Because it participates in a single currency, the Republic will always have the wrong interest rates and the wrong exchange rate, he wrote.

"The single currency prevents Ireland from doing what every other country would do in this situation, namely pricing itself back into the market."

Hannan instead suggests the option of a temporary monetary union with the UK, accompanied by an agreement that Ireland’s outstanding loans would be treated as having been issued in sterling.

Hannan cites a recent study that found more than a third of Irish voters are not opposed to the idea. According to his data, more than a third of them want to ditch the euro and adopt the pound.

"My guess is that that figure will shoot up once it becomes clear that the bail-out is really a way to transfer wealth from Irish taxpayers to bankers and Eurocrats. Having been ruined by the euro, the Irish are now being expected to carry almost the whole cost of propping up the European banking system," Hannan wrote.

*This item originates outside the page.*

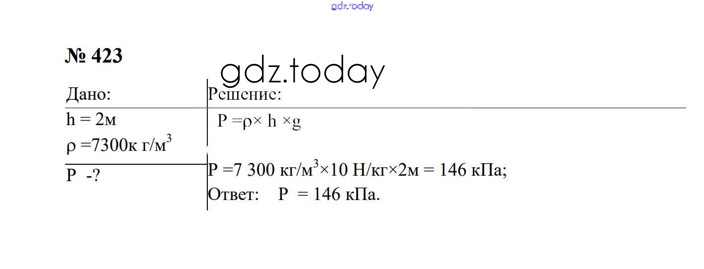 На страницах сайта gdz.today вы найдете учебный и вспомогательный материал, направленный на улучшения знаний школьной программы. ГДЗ - онлайн мир знаний Давление твердых тел, жидкостей и газов Решение. 7 класс 423 Сборнику задач по Физике для 7-9 класса Перышкин, Лонцова Экзамен УМК 2016

Deepening the debt of an already over-mortgaged country is no help at all, Hannan wrote. Instead, Britain should be prepared to accept the sterling denomination of Irish loans and – in recognition of Irish sovereignty – to allow Ireland to appoint its share of members of the Monetary Policy Committee, which he called a substantial improvement on the pre-1979 deal.

Hannan concluded: "So far, of course, most Irish voters (and almost all Irish politicians) oppose such a link, and it’s their call, obviously. All I’m saying is that the UK should be prepared to offer a viable alternative if asked. It’s the least we owe our neighbors."